Differential regulation of lipid metabolism genes in the brain of acetylcholinesterase knockout mice

Huang Quan Lin, Yan Wang, Kam Leung Chan, Tsz Ming Ip, Chi Cheong David Wan

Research output: Contribution to journalArticlepeer-review

2 Scopus citations

Abstract

Mice deficient in acetylcholinesterase (AChE; EC3.1.1.7) exhibited significant phenotypical and biochemical changes when compared with wild-type littermates. They showed a delay of growth in weight and size, immature external ears, and persistent body tremor, and they circled when walking. The molecular mechanisms underlying these changes have not been investigated yet.

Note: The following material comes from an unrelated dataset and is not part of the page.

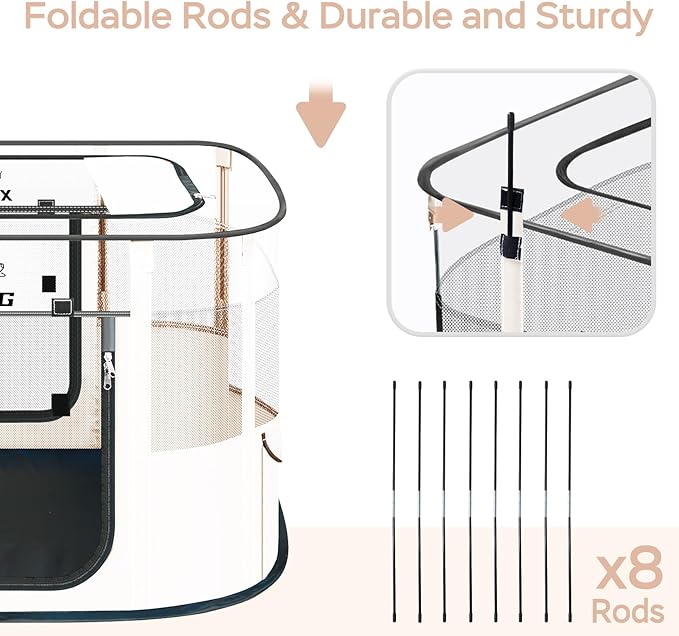 - 【Breathable&Comfortable】:High density breathable mesh design ensures air circulation, keeping pets cool and comfortable inside the fence. The fabric is durable and scratch resistant, while providing a good view, so that pets will not feel oppressed, and owners can also observe their pets' condition at any time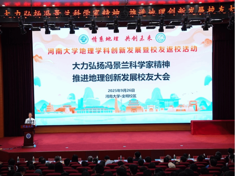 地理学人“守正创新、追求卓越”的学术品质与科学精神。他指出,近年来学校紧抓国家双一流建设、河南高校“双航母”建设叠加的重大历史机遇,围绕强理振文、新工新医的发展主线,努力争做国家事、入国家队,地理学科是我校的“1+5”筑峰学科之一,学校对地理学科寄予厚望。他提到,地理科学与工程学部成立以来通过规划建设景兰苑,创设景兰报告厅、景兰论坛等系列措施,弘扬冯景兰先生等老一辈科学家的精神,厚植家国情怀;并通过强化学科交叉,推进有序的科研,在回应中国式现代化建设实践中持续提升地理学科的核心竞争力和社会贡献力。他呼吁校友持续关注学科发展,在人才培养、科研合作等领域深化与母校的联系,共同推动我校学科核心竞争力提升和地理学科创新发展,为我校建设研究型、综合性、国际化、世界一流大学作出新的贡献。最后,他预祝本次大会圆满成功,祝愿香蕉视频

Here, we studied the profiles of both the messenger RNA (mRNA) and protein expression in the brain of AChE-deficient mice using mRNA microarray, quantitative PCR, and two-dimensional difference gel electrophoresis (2D DIGE) coupled to protein identification with matrix-assisted laser desorption/ionization time of flight (MALDI-TOF) mass spectrometry. Analysis of gene expression profile was conducted by DAVID ( http://david.abcc.ncifcrf.gov) and Ingenuity Pathway Analysis (IPA, http://www.ingenuity.com). Previous results implicated that there is a close relationship between lipid metabolisms which were associated with central nervous system development. Here, we demonstrated that the mRNA expressions of brain specific fatty acid protein 7 (fabp-7) and phospholipase A2 group IV (pla2g4) were significantly downregulated in AChE-deficient mice. These results suggested that AChE may play a role in neurogenesis and neurodegeneration by specifically regulating lipid metabolism in the brain.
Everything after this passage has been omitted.